In an old case, German Alliance Ins. Co. v Lewis ( 233 U.S. 389) the court sustained legislation fixing fire insurance premium costs under the police power of the State on the ground that each policy was not individual but had some effect upon all other policyholders and the public at large. The court quotes Lord Chief Justice HALE (p 408), "`that when private property is "affected with a public interest, it ceases to be juris privati" only'" and it becomes "`clothed with a public interest when used in a manner to make it of public consequence, and affect the community at large'".
The above opinion is clearly applicable to the case at bar and all we have to do is substitute the word "conduct" for the word "property".
Arguments similar to those made by the defendants in this case were made in Jacobson v Massachusetts ( 197 U.S. 11, 26, supra) (compulsory vaccination upheld) where the court observed: "But the liberty secured by the Constitution of the United States to every person * * * does not import an absolute right in each person to be, at all times and in all circumstances, wholly freed from restraint. There are manifold restraints to which every person is necessarily subject for the common good. On any other basis organized society could not exist with safety to its members. Society based on the rule that each one is a law unto himself would soon be confronted with disorder and anarchy. Real liberty for all could not exist under the operation of a principle which recognizes the right of each individual person to use his own, whether in respect of his person or his property, regardless of the injury that may be done to others * * * `The possession and enjoyment of all rights are subject to such reasonable conditions as may be deemed by the governing authority of the country essential to the safety, health, peace, good order and morals of the community.'"

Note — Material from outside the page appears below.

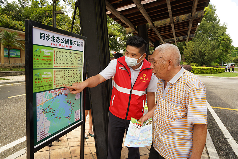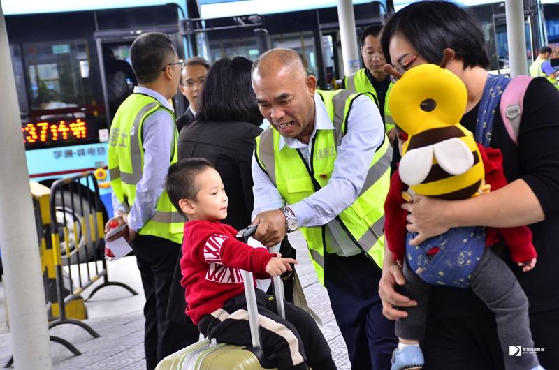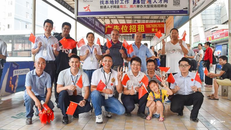 松山湖公交公司前往站場(chǎng)派發(fā)小紅旗,與乘客共度國(guó)慶。

In Buck v Bell ( 274 U.S. 200, 207) the court upheld legislation directing the sterilization of certain mental defectives as within the police power of the State, Mr. Justice HOLMES observing "Three generations of imbeciles are enough".
Rarely have laws designed to protect the health and safety of individuals and the public at large been declared unconstitutional. The burden is a strong one and the defendants have not met that burden in this case. On the contrary the statute appears to be well founded and there is a clear and rational basis between it and the purposes intended.
It is true as defendants say, that there are many other facets of human behaviour which adversely affect the public health, welfare and safety and which merit the attention of the Legislature, e.g., smoking, drinking, drug use etc. But because the Legislature has addressed itself to the matter at issue does not mean to say that unless all of the other activities are also dealt with, the selected regulation (helmets) is arbitrary or discriminatory. The Legislature is unrestricted with respect to which matters and problems it will deal with.
It is also true that many State courts have declared the legislation unconstitutional, but there are just as many, if not more, that have upheld the legislation. But as indicated above, the issue is not one without doubt and the court must accord the statute the presumption of constitutionality. (People v Pagnotta, 25 N.Y.2d 333.)
The defendants are found guilty and are each fined the sum of $10.